The museum also holds a large collection of medieval artifacts, mostly from Europe and Asia. The most important is the illustrated 362 page manuscript of the Miroslav Gospels written in 1186 in Kingdom of Serbia (medieval). The manuscript was entered into UNESCO's Memory of the World Register in recognition of its historical value.
The collection also includes the sarcophagus of Saint King Stefan Decanski from the 14th century, rings belonging to the Serbian Queen Theodora (before 1322) and King Stephen Radoslav of Serbia (1219–20), King Milutin's mantle from the 1300s, the Eulogy to Prince Lazar – Euphemia's famous embroidery from 1402, about 120 icons from 1200 to 1500, including the Ohrid collection.

Art collection 

The Collection of Drawings and Prints of International Artists has 2,446 items and the Yugoslav Art Collection has more than 6,000 items, including 1,700 paintings of Serbian authors from 18th to 19th century and 3,000 paintings from the 20th century. This does not include the Serbian Medieval Art Collection.
The museum includes Serbian medieval, French, Dutch, Flemish, Italian, Russian, German, Japanese, Chinese (from 1644 to 1978), English, Spanish, Hungarian, Romanian, Bulgarian, Yugoslav and miscellaneous art collections. In total the collection numbers some 16,000 paintings, graphics, drawings, icons and prints, plus over 900 sculptures.

The French masters collection is the National Museum's most significant holding. It comprises extremely rare pieces from Matisse, Picasso, Renoir, Rouault, Degas, Cézanne and others. Most of these paintings were collected and donated by Prince Paul of Yugoslavia. Erih Šlomović, a young Belgrader born at the turn of the 20th century, became in his youth the protégé of the world's biggest art merchant, Ambroise Vollard. The connection led him to develop his own collection, comprising a total of 600 pieces by 1941. The Šlomović Collection is the largest and richest collection of French art in the Balkans, as well as one of the most beautiful in the world.

Italian art collection 

The Italian Art Collection, consisting of more than 230 works of art, is famous for containing creative works from individual masters and artistic workshops from the 14th to the 20th century. They include works by Domenico Veneziano, Giovanni di Paolo, Raphael, Titian, Tintoretto, Domenico Robusti, Vittore Carpaccio, Lorenzo di Credi, Guido Reni, Spinello Aretino, Francesco Bassano the Younger, Leandro Bassano, Giovanni Battista Tiepolo, Canaletto, Francesco Guardi, Giulio Carpioni, Andrea Celesti, Biagio Faggioni etc. The graphic and etching collection includes work by Botticelli, Annibale Carracci, Giovanni Battista Piranesi, Paolo Veronese, Amedeo Modigliani, Luigi Ontani, Guglielmo Achille Cavellini, Giuseppe Pinot-Gallizio, and others.

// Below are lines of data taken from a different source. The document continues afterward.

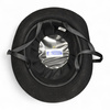 It has a hat-style brim and is lightweight, allowing for comfortable wear. Equipped with a chin strap with Velcro, adjustable via a metal buckle.
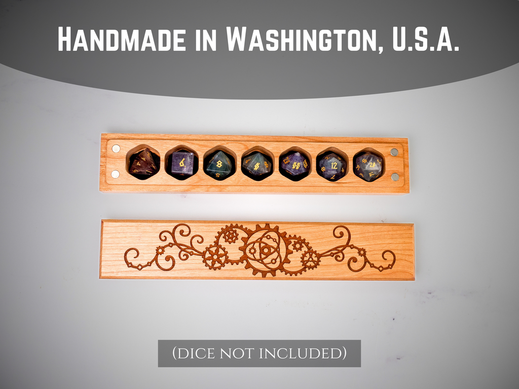 The Council of 7 design perfectly accommodates a full set of RPG dice (d4, d6, d8, d10, d12, d20, and percentile), keeping them organized and protected between adventures. The detailed gear lock engravings showcase mechanical imagery that resonates with artificers, inventors, and players who appreciate steampunk themes. Crafted from quality wood with meticulous attention to detail, this vault combines practical functionality with inspiring industrial artistry.
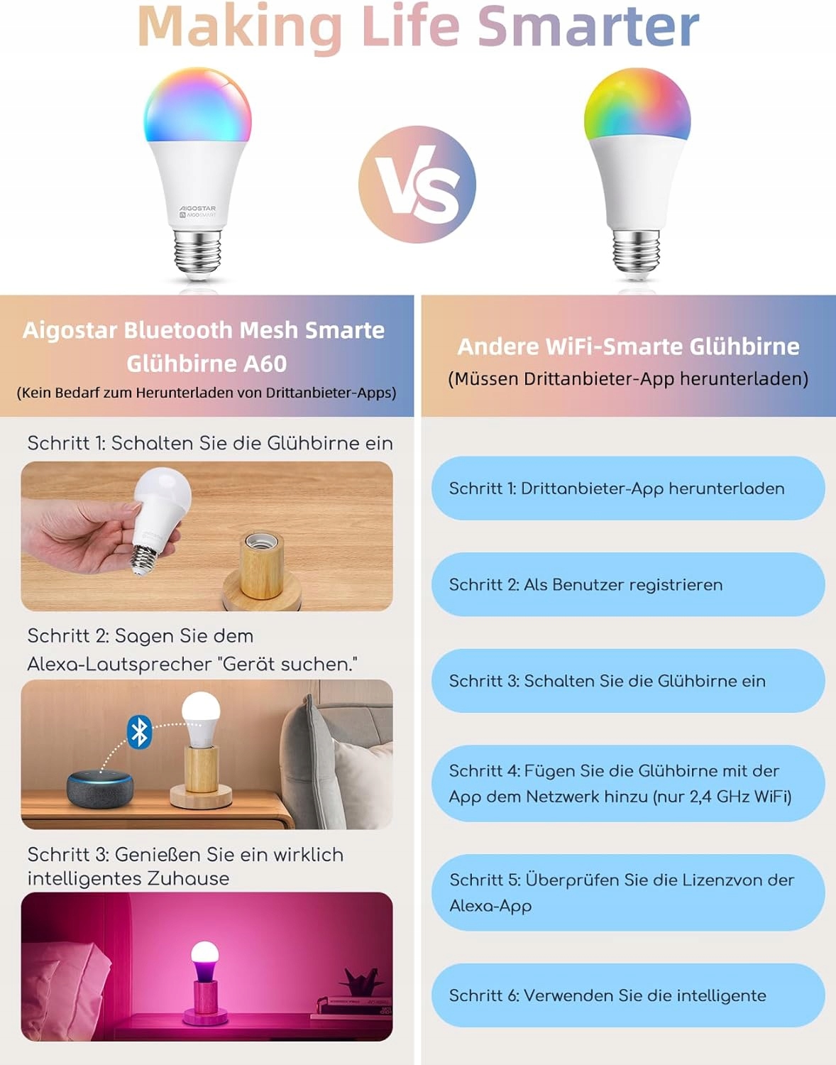 • Wielofunkcyjne doświadczenie: inteligentną żarówkę można połączyć bezpośrednio z bramką za pomocą aplikacji Alexa za pomocą sterowania głosowego lub aplikacji Aigosmart, a obie metody umożliwiają łatwe zdalne sterowanie. Dzięki sterowaniu czasowym inteligentna lampa LED może podążać za Twoim harmonogramem. Jednocześnie inteligentne żarówki tego samego modelu można grupować w domu, aby umożliwić łatwe centralne zarządzanie i cieszyć się inteligentnym życiem
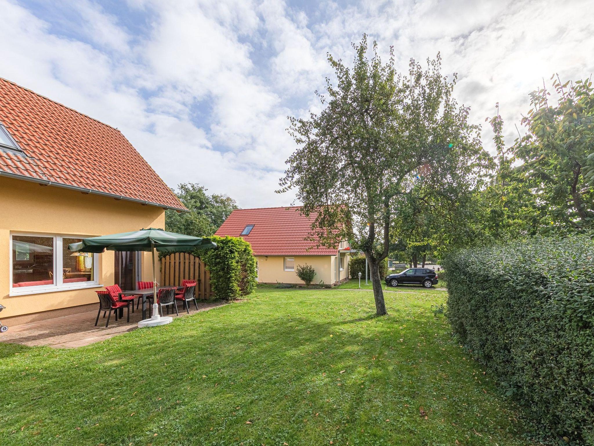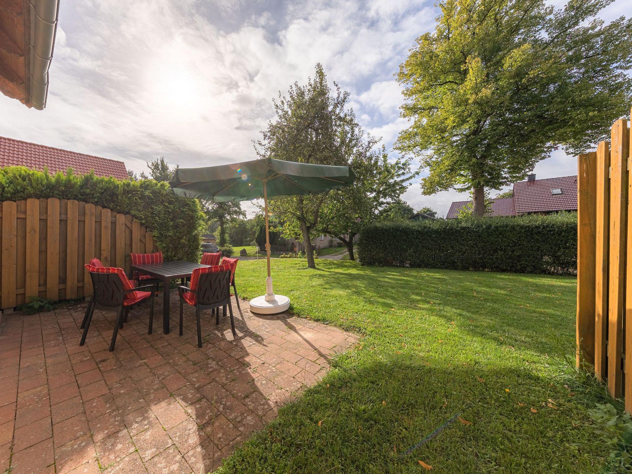 Vom Wohnbereich aus gelangen Sie auf die Terrasse. Diese ist mit Gartenmöbeln, einem Grill sowie einem Sonnenschirm ausgestattet. Der Garten ist von hier frei zugänglich.
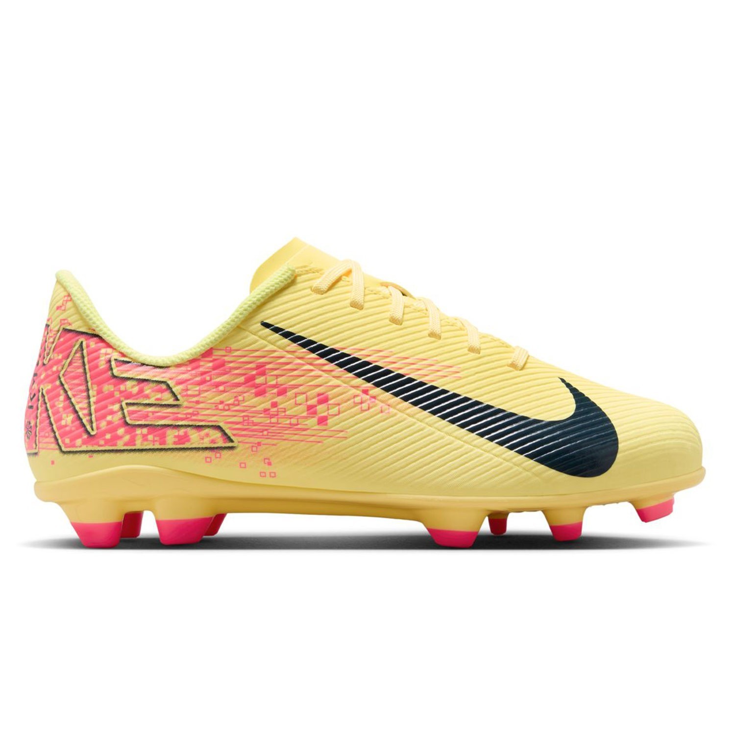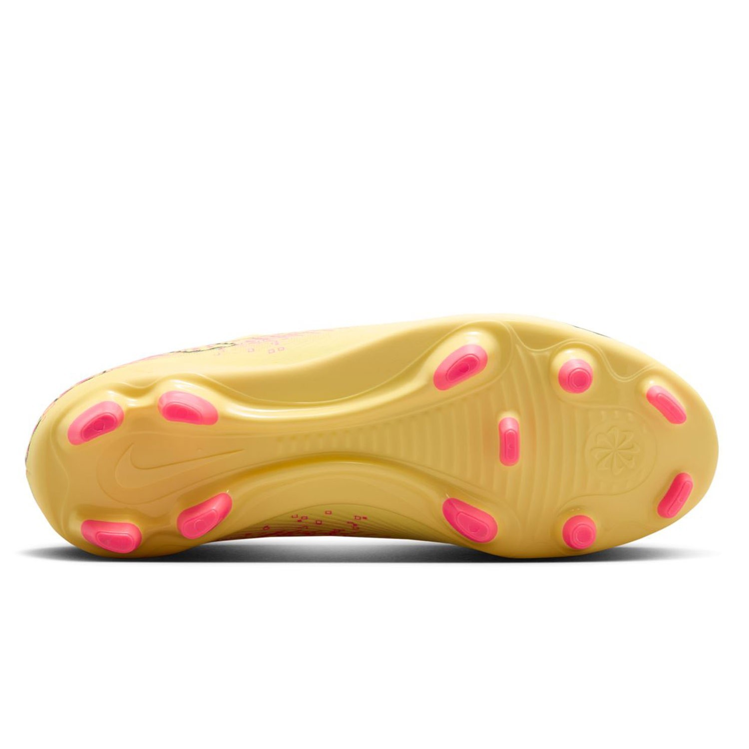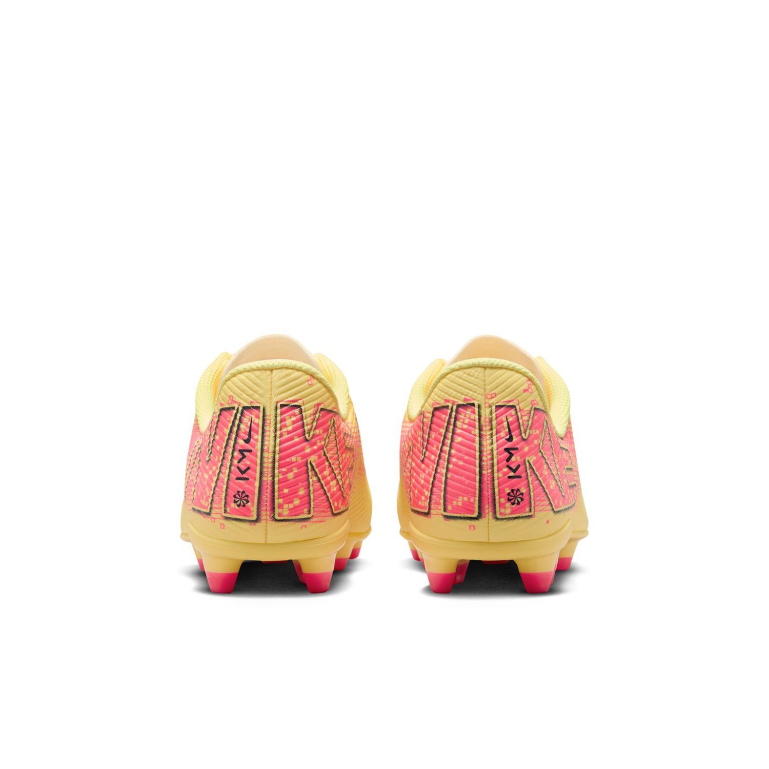 Mercurial inspirada en uno de los mas grandes jugadores dentro del campo de futbol en la actualidad Kylian Mbappe. Atraviesa el campo y que tus rivales solo sueñen con alcanzarte, la tecnología Nike Skin te proporcionara un ajuste adaptado para otorgarte la seguridad para driblar y romper la defensa, sus tacos de terreno mixto aportaran un agarre optimo en todo momento y tipo de terreno con los que podrás realizar regates eléctricos y arrancadas explosivas.

Highlights in the museum include:
Paolo Veneziano, Madonna and Child (Tempera on panel, c. 1324),
Paolo di Giovanni Fei, Madonna with Christ on the Throne (triptych 48 x 45 cm c.1390)
Lorenzo Veneziano, Nativité (Tempera – 76.3 x 54.8 cm)
Giovanni Di Paolo, Lord and Three Angels (tempera 54 x 27 cm)
Raphael attribution, Madonna with Christ and small St.John, 114x116 cm
Andrea Solari, Christ Ecce Hommo
Lorenzo di Credi, Adoration (d: 96 cm – tempera, c. 1500)
Vittore Carpaccio, Holy Pilgrim (110x37cm-part of polyptych) and St. Sebastian (108 x 36 cm – 1495 – part of polyptych)
Titian, Nicolas Vicarius Portrait (canvas 200x100cm), Portrait of Catherine of Austria  (Oil on canvas – 110 x 83 cm)
Tintoretto, Madonna and Child with Donor  (oil on canvas, d: 158 cm, 1524)
Leonello Spada, Judith and Halophen (canvas 220x150 cm)
Domenico Robusti, Portrait of Venetian (canvas 200x127cm)
Giovanni Battista Tiepolo, Saint Family, Collecting Mana attributed (oil on canvas)
Canaletto, A view of the Grand Canal (oil on canvas 60 x 95 cm)
Francesco Guardi, Plaza San Marco, Venice (oil on canvas 75 x 99 cm −1765)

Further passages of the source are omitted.